Pero Carla, en la soledad de una noche junto a la princesa virtuosa, antes
del final, pudo redimirse. Aun los villanos, según convenció
este Robinson al público, tienen chances de amar, y las dos terminaron
en un abrazo. Fue la mejor noche en la isla, definió
Vick, reconciliada. Llegamos a conocernos a fondo.
El Consejo recuperó, en los últimos minutos, la tensión
que faltaba a un desenlace sin intriga. Llegaron los últimos siete
participantes y los bandos enfrentados se cruzaron miradas dignas del
culebrón peor actuado.
Mónica, lánguida, se sentó lejos y defendió
a la alianza como el grupo de los que se quieren bien. Alejandro echó
más leña al fuego y dio su voto a Carla, porque siempre
estuvo de su lado y ayudó a sus íntimos incondicionalmente.

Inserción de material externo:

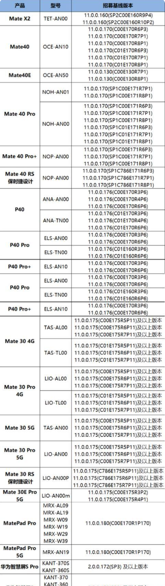 当前支持OTA升级的系统版本清单为Mate X2、Mate40、Mate40E、Mate 40 Pro、Mate 40 Pro+、Mate 40 RS 保时捷设计、P40、P40 Pro、P40 Pro+、Mate 30 4G、Mate 30 Pro 4G、Mate 30 5G、Mate 30 Pro 5G、Mate 30 RS保时捷设计、Mate 30E Pro 5G、MatePad Pro、MatePad Pro 5G、华为智慧屏S、华为智慧屏S Pro,更多机型请关注官方信息更新。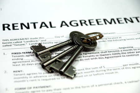 Rental agreement document on office table. Pen, house keys and money closeup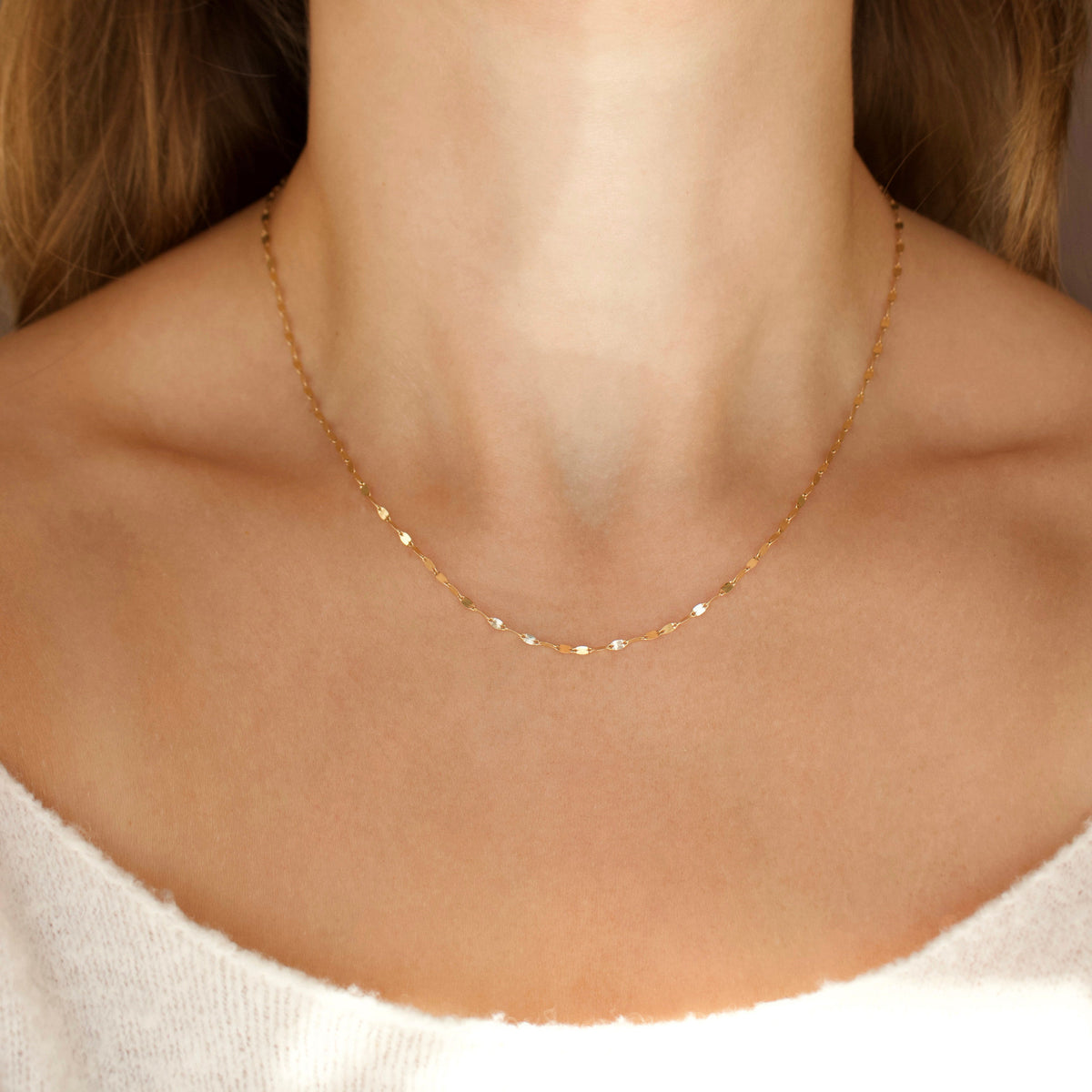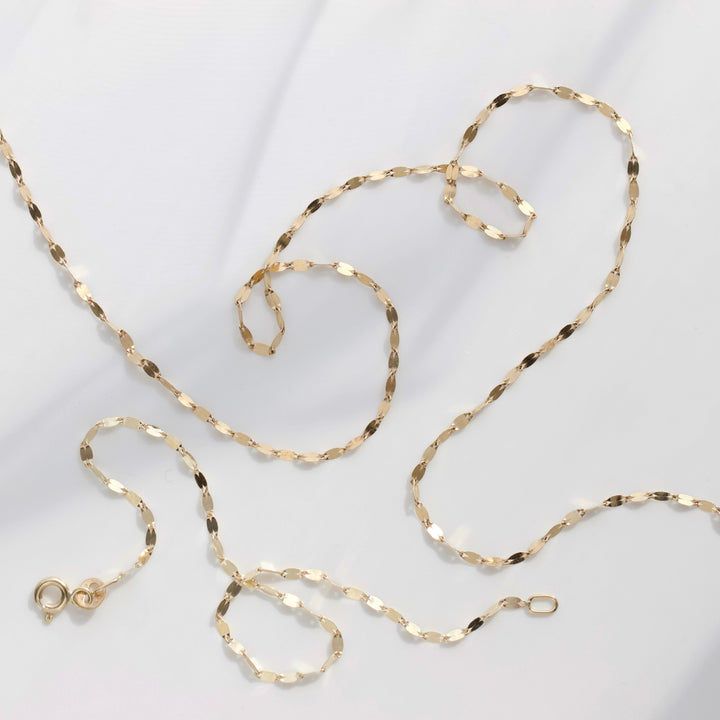 This Petal Chain by Carrie Elizabeth in 9k solid yellow gold is a simple yet sparkly addition to your jewelry collection. Designed to last a lifetime, it is perfect for everyday wear and pairs beautifully with the meaningful Treasured Charms. Available in multiple lengths, it is a versatile piece for layering or wearing solo.

La ira (la de Carlos, Javier, Pablo) iba en aumento. Cuando llegaron,
sus alegatos fueron belicosos. Se hará justicia, exageró
Pablo. No se puede engañar a todos por todo el tiempo,
agregó Carlos. Fue el pico de emoción de la segunda parte
de esta saga: un final cantado que antepuso una lección moral al
interés por la trama, traducible como Todavía es posible.

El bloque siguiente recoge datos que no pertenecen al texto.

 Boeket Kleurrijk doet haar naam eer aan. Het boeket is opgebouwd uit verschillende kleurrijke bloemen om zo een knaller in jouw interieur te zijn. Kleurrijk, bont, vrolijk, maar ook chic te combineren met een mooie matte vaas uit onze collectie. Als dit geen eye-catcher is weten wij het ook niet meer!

Entonces, Vick se llevó su Robinson, abrazó a la rival,
lloró una vez más y todos quedaron contentos, incluso una
parte de la alianza del mal, muy diplomática tras la
resignación. Sólo una mujer se mantuvo al margen de los
festejos, con vocación estelar, consagrándose en su papel
de viuda negra. Enojadísima por el triunfo de la inútil,
Mónica esperó a un costado y se negó a felicitar
a la triunfadora, aun cuando se lo pidieron sus amigos. La fábula
fue coronada por una villana que esquivó otras miradas, cruzó
los brazos, representó con excelencia su a-mí-dejame-tranquila.
Y aportó, entonces, su lección añadida, sólo
apta para continuaciones de la saga: nunca olviden que el peligro acecha.